### Action item:
In the material below, find the line containing "ขอขอบคุณภาพประกอบจาก เฟซบุ๊ก Oak" and the line containing "Kadın kahverengi fermuarlı", then reproduce exactly both of them and every line between, and nothing else.

### Dataset records:

########

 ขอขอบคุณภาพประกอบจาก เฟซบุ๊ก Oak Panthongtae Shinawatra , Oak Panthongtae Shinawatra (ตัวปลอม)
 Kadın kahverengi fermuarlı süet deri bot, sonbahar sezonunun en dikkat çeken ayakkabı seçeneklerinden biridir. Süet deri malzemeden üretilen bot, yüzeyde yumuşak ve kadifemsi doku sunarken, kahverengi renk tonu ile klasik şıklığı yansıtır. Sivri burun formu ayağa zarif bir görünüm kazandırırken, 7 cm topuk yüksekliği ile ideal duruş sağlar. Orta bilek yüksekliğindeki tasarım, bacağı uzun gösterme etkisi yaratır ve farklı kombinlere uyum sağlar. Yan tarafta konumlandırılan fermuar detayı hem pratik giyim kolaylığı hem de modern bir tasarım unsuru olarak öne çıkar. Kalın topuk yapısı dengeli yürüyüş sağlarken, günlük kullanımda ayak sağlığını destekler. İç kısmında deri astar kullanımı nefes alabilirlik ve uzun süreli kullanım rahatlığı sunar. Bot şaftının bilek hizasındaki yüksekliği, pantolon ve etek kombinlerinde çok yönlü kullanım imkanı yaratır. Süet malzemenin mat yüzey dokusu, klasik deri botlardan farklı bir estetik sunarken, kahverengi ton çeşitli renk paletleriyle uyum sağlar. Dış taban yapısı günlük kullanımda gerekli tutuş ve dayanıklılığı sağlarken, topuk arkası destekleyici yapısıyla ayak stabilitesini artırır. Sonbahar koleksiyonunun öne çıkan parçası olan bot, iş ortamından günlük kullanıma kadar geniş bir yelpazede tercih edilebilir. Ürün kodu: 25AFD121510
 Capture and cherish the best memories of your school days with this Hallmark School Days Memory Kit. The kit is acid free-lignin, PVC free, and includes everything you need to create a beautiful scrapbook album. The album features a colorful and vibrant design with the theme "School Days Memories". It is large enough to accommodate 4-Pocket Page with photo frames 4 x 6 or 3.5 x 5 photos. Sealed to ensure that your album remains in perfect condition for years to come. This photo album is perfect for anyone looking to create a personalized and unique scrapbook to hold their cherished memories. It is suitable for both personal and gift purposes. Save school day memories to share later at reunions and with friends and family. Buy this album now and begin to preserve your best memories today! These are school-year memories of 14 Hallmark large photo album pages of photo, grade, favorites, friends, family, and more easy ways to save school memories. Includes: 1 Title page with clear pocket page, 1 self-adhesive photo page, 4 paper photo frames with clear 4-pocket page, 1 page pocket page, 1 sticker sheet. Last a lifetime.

########

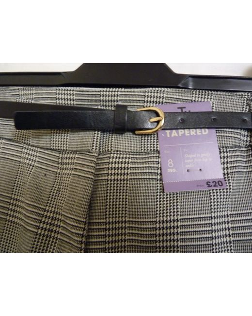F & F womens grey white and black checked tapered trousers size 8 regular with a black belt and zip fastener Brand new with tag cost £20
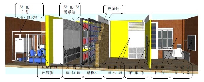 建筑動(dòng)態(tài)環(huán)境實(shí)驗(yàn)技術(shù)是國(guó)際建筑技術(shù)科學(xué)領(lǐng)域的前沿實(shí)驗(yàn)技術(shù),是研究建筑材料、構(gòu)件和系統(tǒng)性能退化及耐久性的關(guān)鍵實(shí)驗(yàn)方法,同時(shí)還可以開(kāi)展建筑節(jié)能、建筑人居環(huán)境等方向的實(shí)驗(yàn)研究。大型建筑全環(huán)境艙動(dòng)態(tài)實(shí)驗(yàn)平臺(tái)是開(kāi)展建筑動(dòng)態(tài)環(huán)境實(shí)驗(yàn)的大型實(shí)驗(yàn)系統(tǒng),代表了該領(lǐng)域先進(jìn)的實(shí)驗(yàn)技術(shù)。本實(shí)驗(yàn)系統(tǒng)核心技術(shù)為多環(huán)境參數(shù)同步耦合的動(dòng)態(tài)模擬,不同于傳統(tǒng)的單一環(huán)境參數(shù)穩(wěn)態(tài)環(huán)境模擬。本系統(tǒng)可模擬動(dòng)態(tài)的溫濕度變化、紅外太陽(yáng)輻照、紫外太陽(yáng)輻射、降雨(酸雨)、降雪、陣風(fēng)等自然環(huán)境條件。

########

### Solution to this task:
 ขอขอบคุณภาพประกอบจาก เฟซบุ๊ก Oak Panthongtae Shinawatra , Oak Panthongtae Shinawatra (ตัวปลอม)
 Kadın kahverengi fermuarlı süet deri bot, sonbahar sezonunun en dikkat çeken ayakkabı seçeneklerinden biridir. Süet deri malzemeden üretilen bot, yüzeyde yumuşak ve kadifemsi doku sunarken, kahverengi renk tonu ile klasik şıklığı yansıtır. Sivri burun formu ayağa zarif bir görünüm kazandırırken, 7 cm topuk yüksekliği ile ideal duruş sağlar. Orta bilek yüksekliğindeki tasarım, bacağı uzun gösterme etkisi yaratır ve farklı kombinlere uyum sağlar. Yan tarafta konumlandırılan fermuar detayı hem pratik giyim kolaylığı hem de modern bir tasarım unsuru olarak öne çıkar. Kalın topuk yapısı dengeli yürüyüş sağlarken, günlük kullanımda ayak sağlığını destekler. İç kısmında deri astar kullanımı nefes alabilirlik ve uzun süreli kullanım rahatlığı sunar. Bot şaftının bilek hizasındaki yüksekliği, pantolon ve etek kombinlerinde çok yönlü kullanım imkanı yaratır. Süet malzemenin mat yüzey dokusu, klasik deri botlardan farklı bir estetik sunarken, kahverengi ton çeşitli renk paletleriyle uyum sağlar. Dış taban yapısı günlük kullanımda gerekli tutuş ve dayanıklılığı sağlarken, topuk arkası destekleyici yapısıyla ayak stabilitesini artırır. Sonbahar koleksiyonunun öne çıkan parçası olan bot, iş ortamından günlük kullanıma kadar geniş bir yelpazede tercih edilebilir. Ürün kodu: 25AFD121510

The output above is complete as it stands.